Update II: I have since received the PCT 2-Port Bi-Directional Amp and now this works like a champ. I didn't realize this amp has two outputs not inputs, so I can only connect one antenna without a additional splitter. Well, it doesn't seem to matter, because this amp boosts the leaf enough to use alone. The signal is so strong now, there is no pixelation and everything is pretty much looks HD without any signs of noise, which the RCA Amp couldn't do. I'm going to purchase the PCT 1-Port Bi-Directional Amp, to see if that helps even more.

Update III: I tried both the Mini 1 Port Bi-Directional PCT Amp and the Regular Heavy duty 1Port PCT amp and out of all three Amps I tried the 1-Port Heavy Duty worked the best. The Mini 1-Port was the worst out of 4 amps I tried with this antenna. I don't recommend wasting your time on the Mini 1-Port Amp, even though it advertises to be double the amplification. Don't believe it. The big/heavy older vision of the PCT amps are work the best.

Update IV: I bought a 2nd Leaf Antenna for my bedroom tv and for my mother that lives out of state. My LED tv in my bedroom doesn't need a converter box, but unfortunately I still need the PCT amp to get great reception. It's still a great buy and I rave to others about it whenever I can. I love not having a monthly bill.

My Final Set-up after trying multiple equipment:

PCT 2-Port Bi-Directional Amp (the 1-port is dinky and doesn't amplify as well)
Viore Digital TV Converter Box ($34 Walmart)
115 of 124 people found the following review helpful
5.0 out of 5 stars Worked fine in Orlando, FL. 32824 Feb. 5 2013
By IA - Published on Amazon.com
Verified Purchase
I currently own the leaf plus and the ultimate.
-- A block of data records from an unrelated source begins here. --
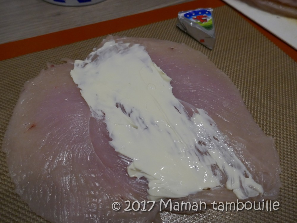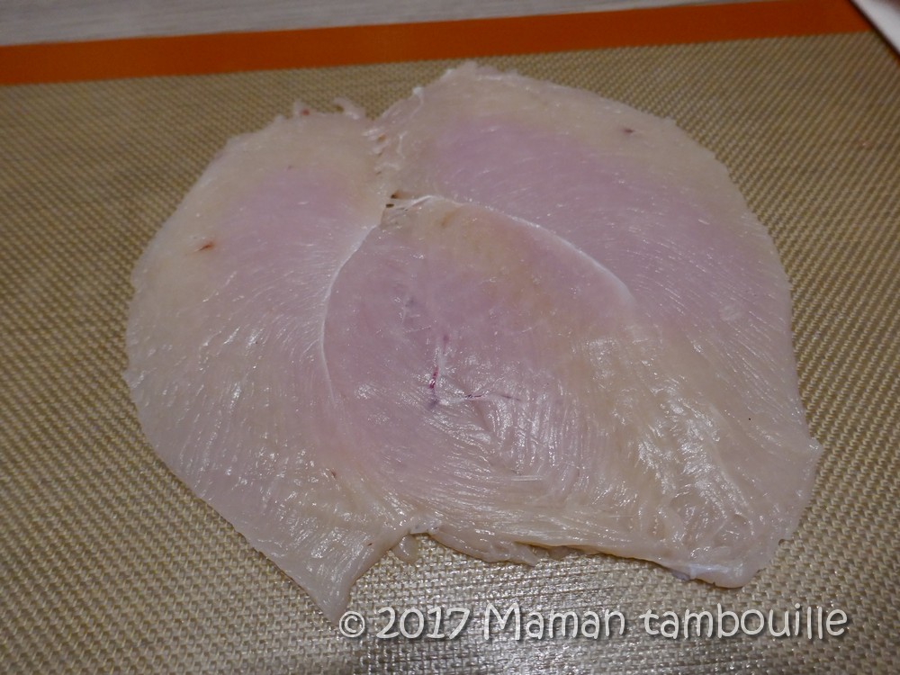 Ouvrir chaque blanc de poulet en 2 et les poser sur un film alimentaire (ou une silpat). Poser une seconde feuille de film sur le poulet puis taper dessus avec un rouleau à pâtisserie pour agrandir l’escalope et la rendre fine.
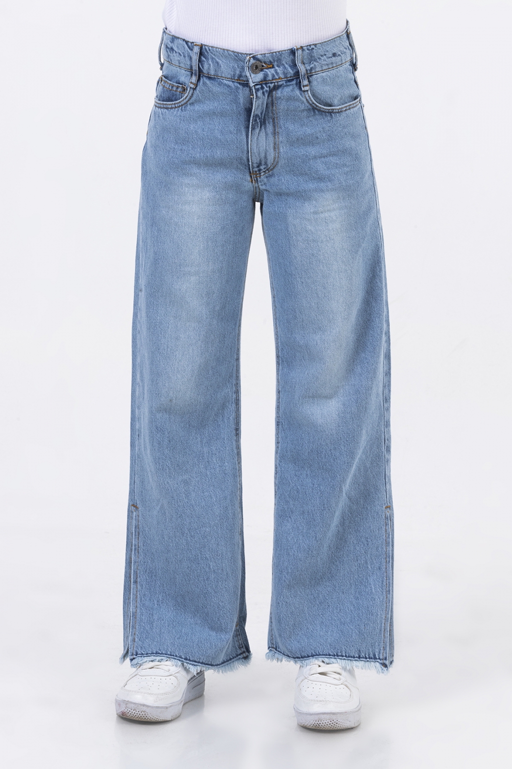 Модные джинсы для девочки оптом с разрезами по бокам. Комфортная посадка не сковывает движения, при этом не делает джинсы слишком объёмными. Удобная функциональная резинка в поясе позволяет регулировать объем на талии. Ребенок может сочетать джинсы с любым верхом и наслаждаться разными стилями, в зависимости от настроения.
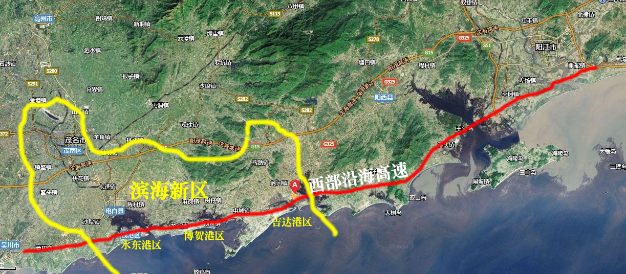 茂名滨海新区,需要西部沿海高速。
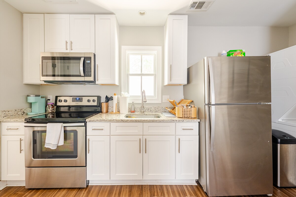 Encantador departamento de 1 dormitorio en un hermoso vecindario al que se puede ir caminando, justo al sur de Forsyth Park, y repleto de boutiques eclécticas, restaurantes favoritos de los amantes de la gastronomía y bares de moda. Bicicletas gratuitas para ayudarle a explorar, y paradas cercanas del servicio de transporte gratuito DOT. Ubicados en la popular zona de Thomas Square / Starland, estamos cerca de Forsyth Park (0,5 millas) y del Distrito Histórico (aprox. 1 milla). Tybee Beach se encuentra a unos 25 minutos en automóvil. Después de explorar, regrese a su hogar lejos de casa, a un jardín tranquilo y apartado de todo.

In terms of performance, they both performed exactly the same. Based on Antenna web, I'm supposed to get about 50 channels using an indoor antenna. With the leaf plus I got 44 and with the ultimate I got exactly the same. If I install the antenna outside, I get 48 out of 50 on both antennas.

So why pay $90 for the ultimate? It's a good antenna (The best from all I have tested), but if you already have the plus, it may not be worth to also get this one unless u really need it.
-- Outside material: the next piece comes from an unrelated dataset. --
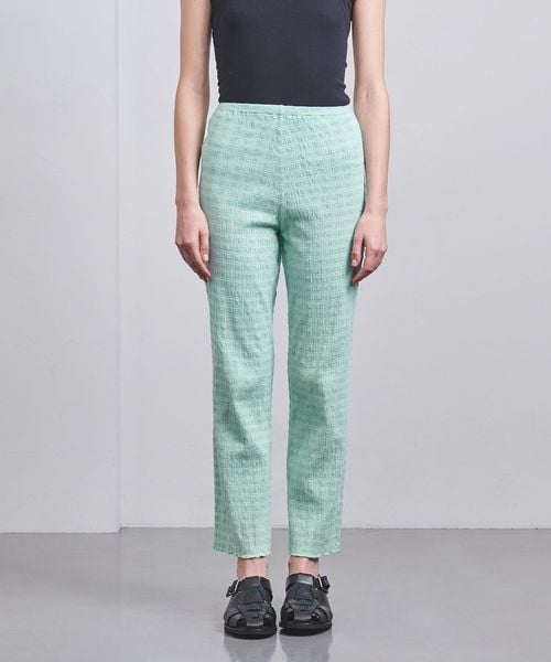 また、綿糸に麻を少し加え、生地表面に陰影をつけて織り上げることで、同色のシャドーチェックが浮かび上がるように仕立てました。
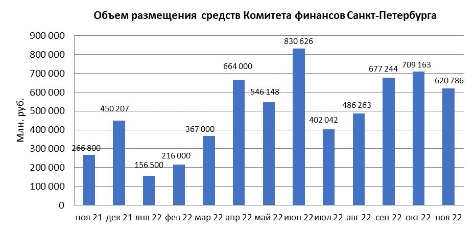 В ноябре 2022 года объем размещения средств Комитета финансов Санкт-Петербурга в депозиты кредитных организаций с использованием информационных программно-технических средств СПВБ составил 620,8 млрд. руб., в октябре 2022 года – 709,2 млрд. руб.

The only difference is that the ultimate has a 16' cable and the amplifier is detachable.

I took the amp and installed it in a non-leaf antenna and it performed exactly as the leaf (44 out of 50 indoor; 48 out of 50 outdoor).

I'm guessing that what makes the leaf so good is not the antenna, but the jolt amplifier.

**********************
** UPDATE: 02/07/13 **
**********************

I wanted to share some additional info with everyone:

I used to have a bundled service (Internet / Digital Cable w some premium channels) with bright house network. When I got the leaf, I decided to drop my cable and only leave internet access. By doing so, I was able to save a bit more than $80 per month.

I guess you are thinking "Why is this so important?" Continue reading... :-)

After the cable company came and picked up the DVR and disconnected the cable, out of curiosity I decided to connect the TV to the cable outlet. For my surprise, the connection was transmitting all local channels for FREE; No antenna needed. I thought it had to be an error, but it looks like they installed some type of filter to prevent basic/extended cable to be viewed and left the local channels. I don't know if this was an employee error, a law/reg. rule that obligates them not to charge for local channels or if perhaps this is some type of "courtesy" policy to those that have internet and no cable.

If you are in this situation, try connecting the TV to the cable outlet and scan for channels. Don't forget to set your TV to "Cable TV" and not antenna when doing so.